Look in the data below for the line that has "Armaturen Square i", then print exactly every line from there through the line that has "在墙上打洞是个大工程,需要用", leaving pictures out.
Segment Open
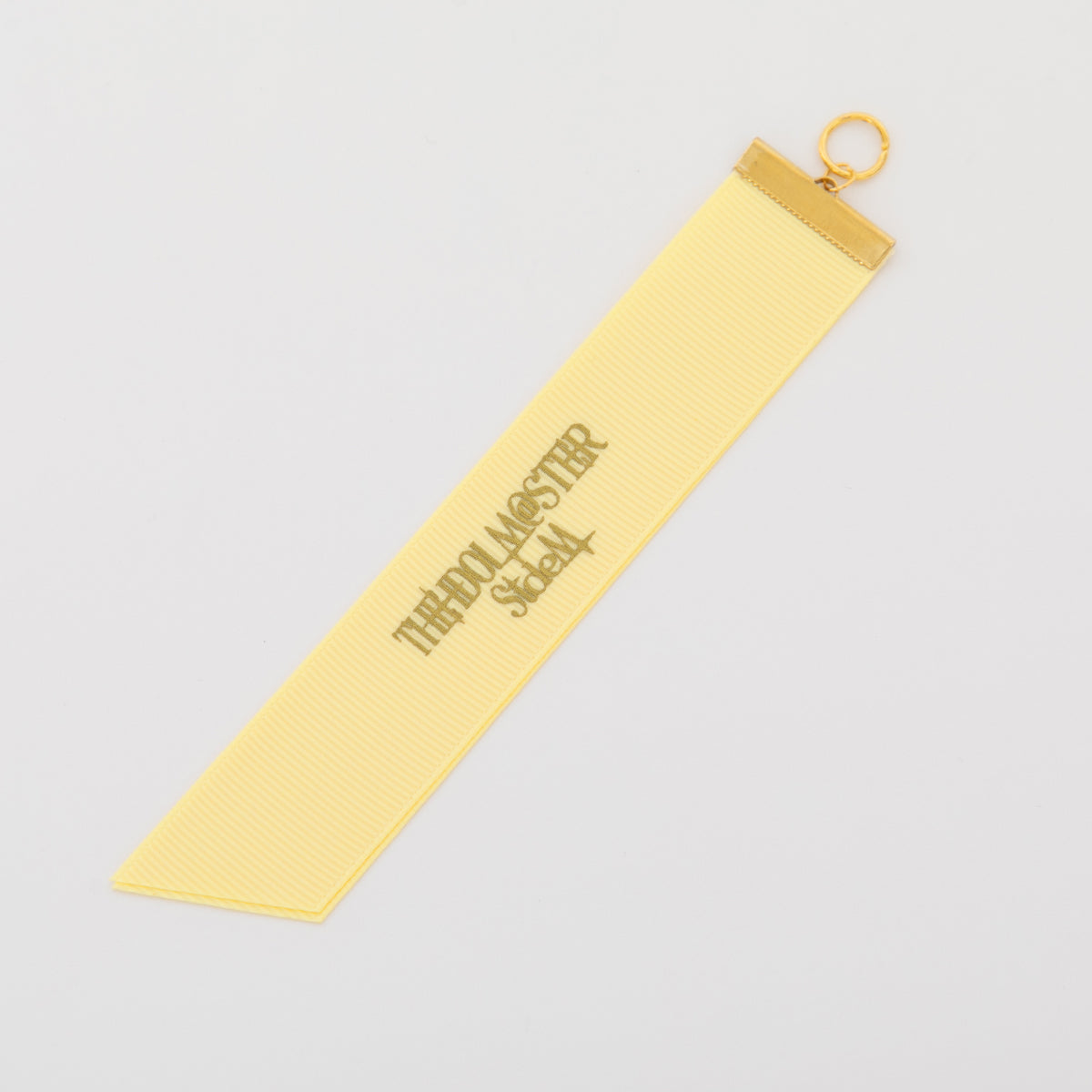 描き下ろしビジュアルの衣装をモチーフにしたリボンパーツ。各アイドルのユニットカラーを取り入れ、華やかで存在感のあるデザインに仕上げました。店頭限定のスペシャルアイテムとして、バッグやポーチに付けてお楽しみください。
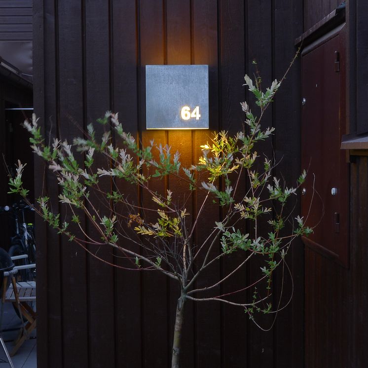 Armaturen Square i galvaniserat utförande., både med och utan urfrästa husnummer. Square tillverkas för kompaktlysrör eller LED.
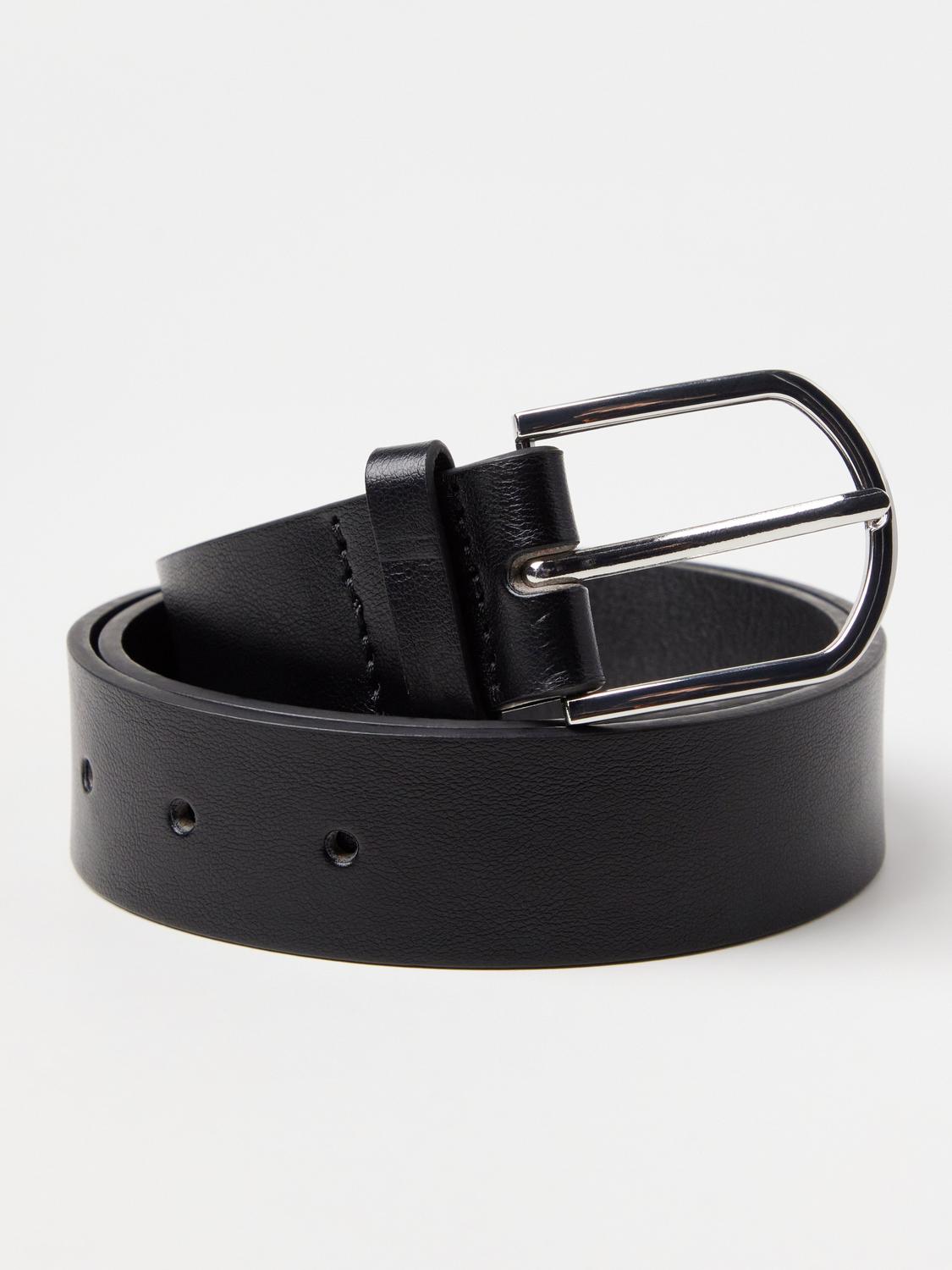 Ett brett och trendigt bälte i läderimitation med ett metallspänne. Bältet är ett snyggt tillbehör som passar till många olika outfits och stilar.
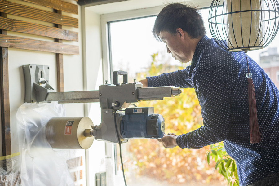 在墙上打洞是个大工程,需要用专业的水钻打孔,安装下来差不多需要一个小时的时间。因为打孔时会用上防尘袋,不会把墙面弄脏,也不用担心家里变得“尘土飞扬”。
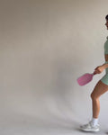 Made from our signature performance fabric with contrast pink and lavender seams, this piece nods to the colour stories you already love across Earthletica’s favourite crops. Lightweight, sculpting and designed to move with you, this is your go-to layer for warm-ups, rallies and everything after.
Segment Closed
→ Output below:
 Armaturen Square i galvaniserat utförande., både med och utan urfrästa husnummer. Square tillverkas för kompaktlysrör eller LED.
 Ett brett och trendigt bälte i läderimitation med ett metallspänne. Bältet är ett snyggt tillbehör som passar till många olika outfits och stilar.
 在墙上打洞是个大工程,需要用专业的水钻打孔,安装下来差不多需要一个小时的时间。因为打孔时会用上防尘袋,不会把墙面弄脏,也不用担心家里变得“尘土飞扬”。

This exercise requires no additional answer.